====== Lecture 2 ======
{{ :math105-s22:notes:note_jan_20_2022_math105_2.pdf | note}}, [[https://berkeley.zoom.us/rec/share/UqunccB0RH4vHe05wsCk9QBAMg2jJsaCYNkmNGkI9uMyTC2jthz_nTxa8bQ2rmej.eMtr71uH4FJDGzGJ | video]]

Last time we had the definition of outer measure, and we basically followed Tao-II's presentation. This time, we will go through Lemma 7.2.5 (relatively easy) and Lemma 7.2.6 (about outer measure of a box, a bit hard). Pugh gives a different proof for the outer measure of a box being what it supposed to be, namely the naive volume, and he uses Lebesgue number. I am going to follow Tao's approach, although it is longer. 

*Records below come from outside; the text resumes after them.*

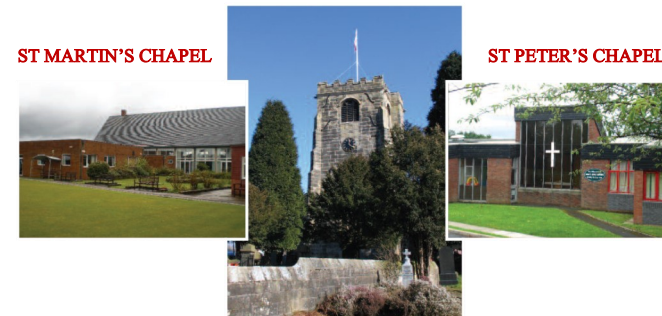
ST MARTIN'S CHAPEL

We seek to make Jesus known in our community, through our joyful, loving service & worship
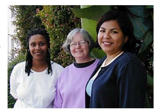
Charlotte Maxwell Complementary Clinic social workers offer supportive services.
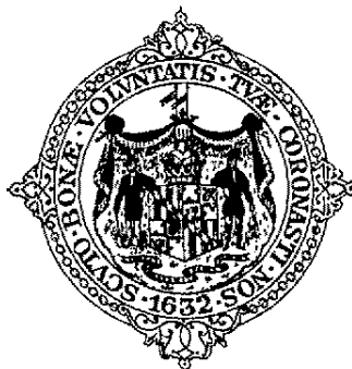
Paul B. Anderson Charter Division
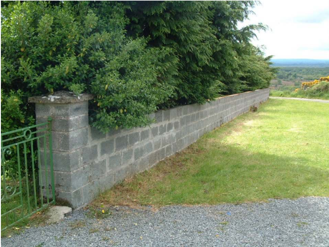
Section of Boundary Wall
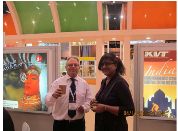
Meeting with Buyer
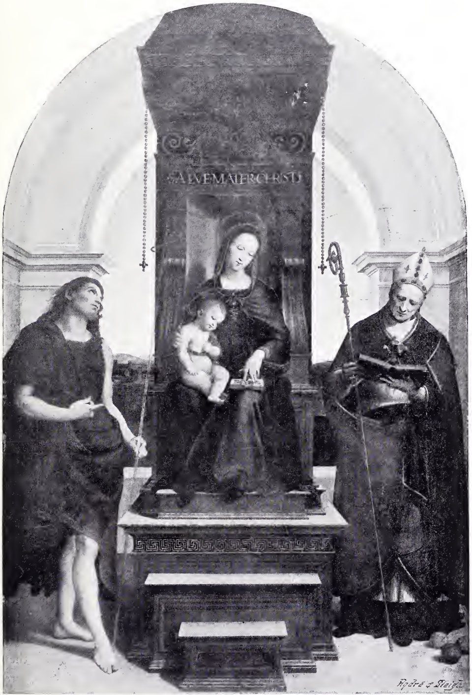
The Ansidei Madonna. By Raphael. From the Picture in the National Gallery.
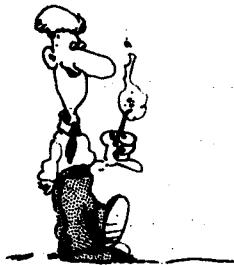
PHOTO CLUB MEETING THURSDAY APRIL 13 Time: 8:30 p.m. Place: Admissions & Placement Building Subject: Photographic Lighting

April 15 - Gordon Lightfoot in concert - York College of Pa., 7 & 10 p.m.
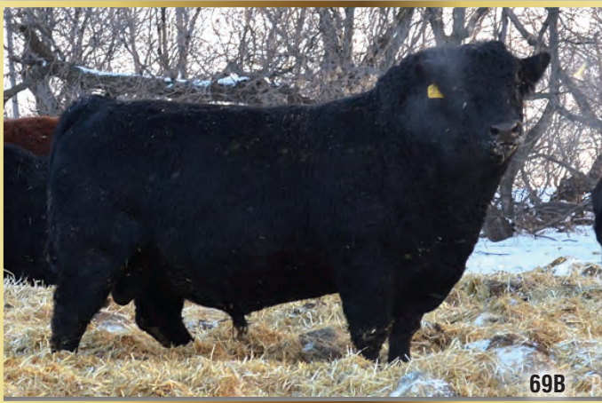
JPCC Super Smooth 69B
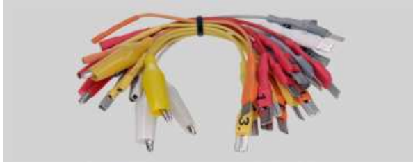
Figure 5 – Adapter cables for connection to voltage regulators
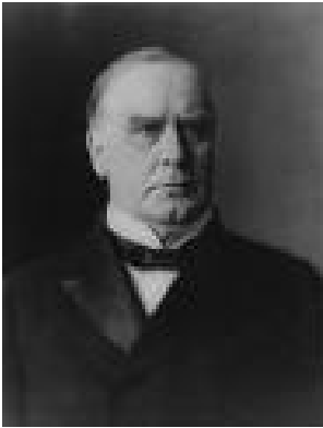
President William McKinley

visitors' hands in the Temple of Music Pavilion. The Balladeer sings a ballad telling of Czolgosz's motivations as he joins the receiving line, gun in pocket. When Czolgosz reaches McKinley he shoots him.
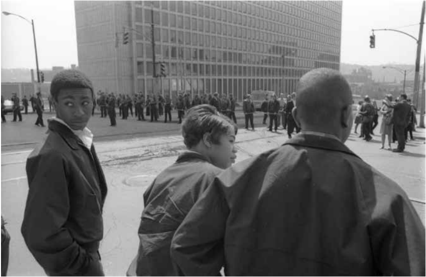
People stand near Washington Plaza watching the armed police officers form a barricade across Centre Avenue on April 7, 1968, during the march on the MLK Jr. National Day of Mourning.
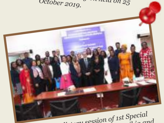
The Valedictory session of 1st Special Course for Diplomats from Namibia and Malawi held on 13 December 2019.
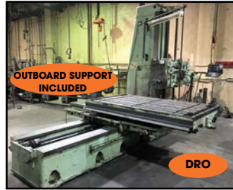
GIDDINGS & LEWIS # 350-T TABLE TYPE BORING MILL
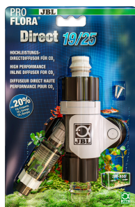
JBL PROFLORA Direct High performance direct diffuser for CO2
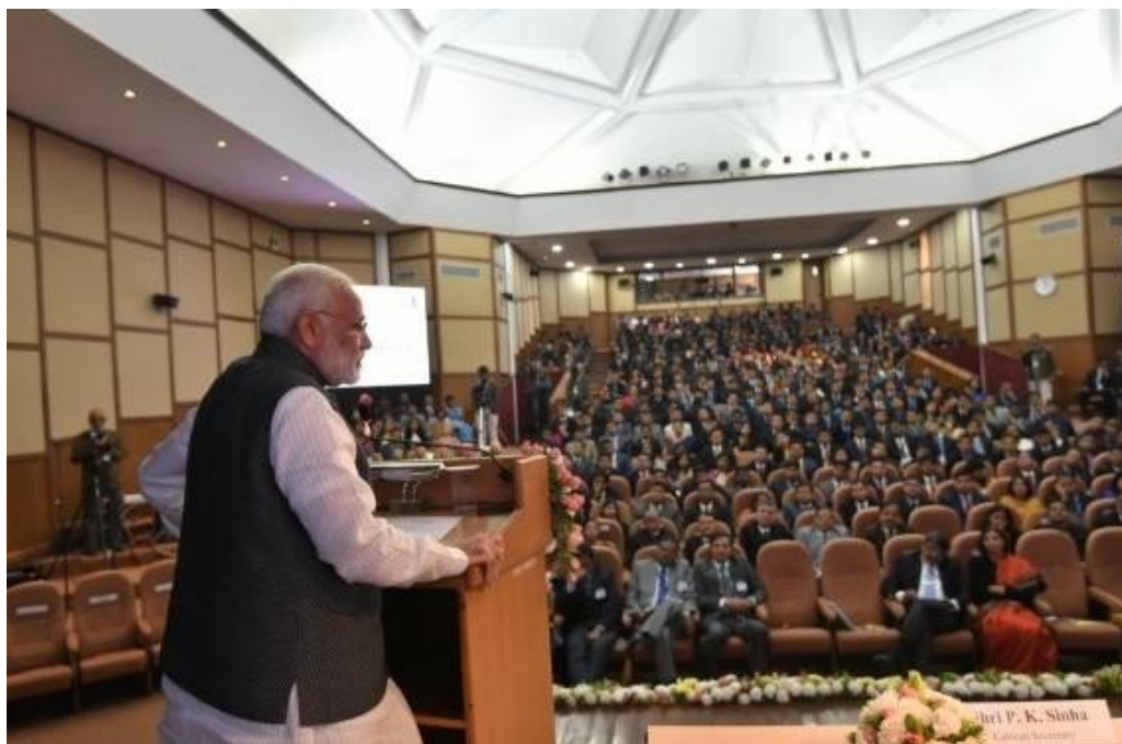
Prime Minister Shri Narendra Modi addressing Officer Trainees at LBSNAA
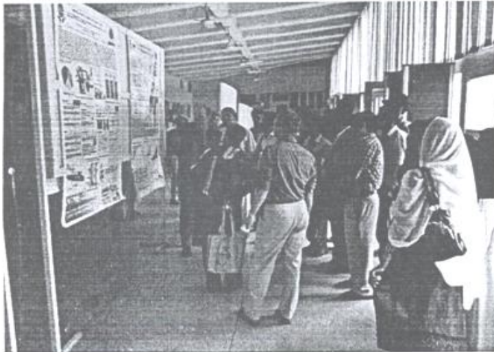
Poster session during the international conference

research work on different renewable aspects and success stories during the sessions.
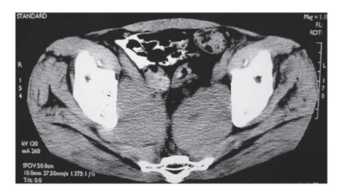
Figure 3. Computed tomography scan showing a pelvic mass suggestive of the metastasis 2 years after the surgery.

1-2 nucleoli with rich cytoplasm and stromal lymphocyte infiltration was evident. The tumor involved the wall of the bladder, while the rectal wall and the left ureteral stump were not involved. The lymph nodes of the right and front left iliac vessels and seminal vesicles were involved. Following the removal of the testicles, the pathology report indicated that no tumor cells were present in the testicles, and no evident disorders were identified in the lungs and abdominal organs according to the imaging studies. Therefore, the patient was diagnosed with primary prostate seminoma.
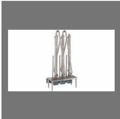
Scraped Surface Heat Exchanger
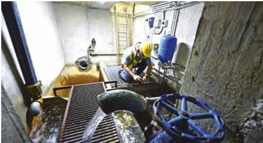
Fig 10 – Hydrogeological monitoring in “La Maddalena” exploratory tunnel.

been aimed to verify the correctness of the project hypothesis and specially to evaluate the inflow forecast in term of discharge rate and distribution, temperature and chemical facies of groundwater. The hydrogeological monitoring has proved extremely valuable not only in checking the reliability of the tunnel design forecast but also in underlining the importance of the realization of exploratory tunnels prior to the excavation of a main tunnel. Thanks to the hydrogeological and temperature monitoring of the main water inflow “La Maddalena” exploratory adit can also represent in perspective a very interesting possibility to exploit the related geothermal potential (Fig. 10).
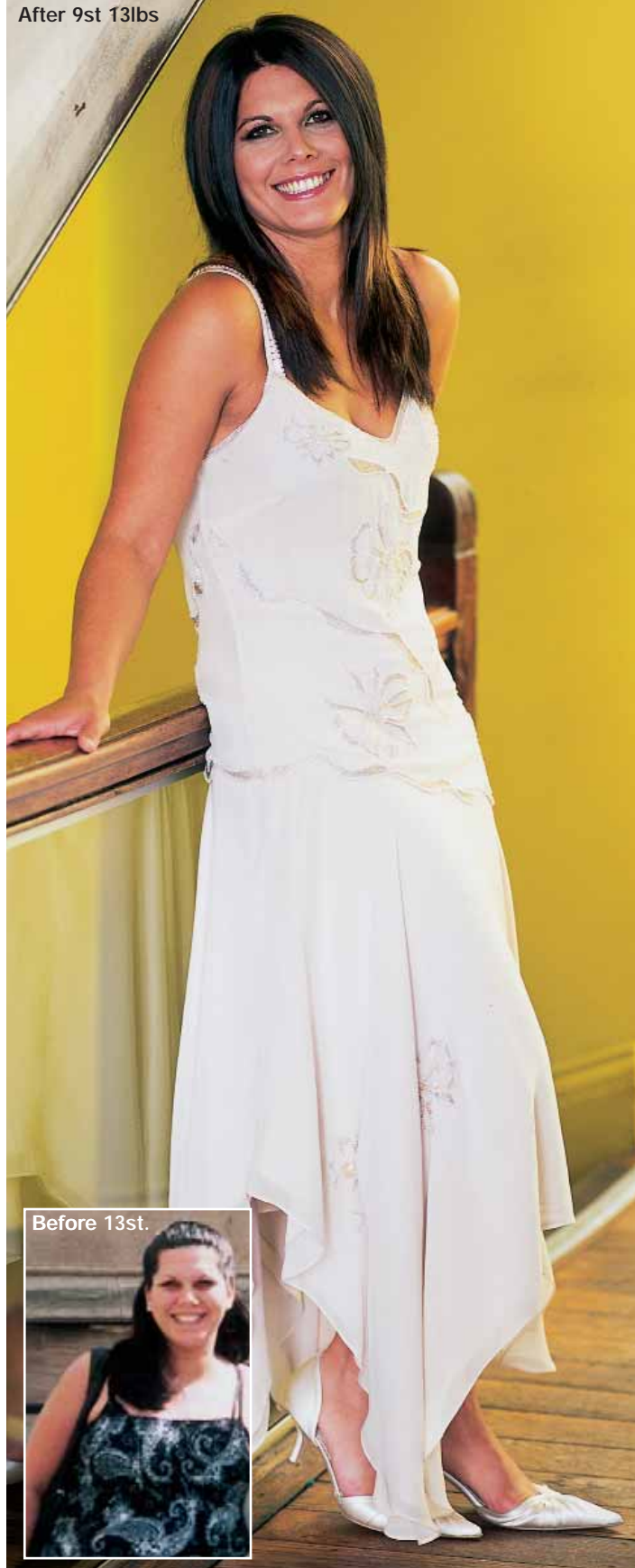
After 9st 13lbs

FOR INFORMATION ON SLIM-AT-HOME OR PRIVATE CLINICS, CALL VITALINE ON 0161 292 4918. Internet slimmers can visit www.vitaline-slimming.com Ladies with PCOS can visit www.pcos-vitaline.com

Then, we plan to talk about the construction of 'non-measurable set', in Tao-II, 7.3. And then, give the definition of measurable set, that follows the Caratheodory condition. There is an alternative and equivalent definition, see Tao-M (Tao measure theory grad textbook), which says $E \In \R^n$ is measurable, if for any $\epsilon>0$,  there exists an open set $U \supset E$, such that $m^*(U\RM E) < \epsilon$, namely, measurable set are those than can be approximately from the outside by an open set. 

We will use the discussion time, hopefully 30 minutes,  to tackle Lemma 7.4.2, Lemma 7.4.4.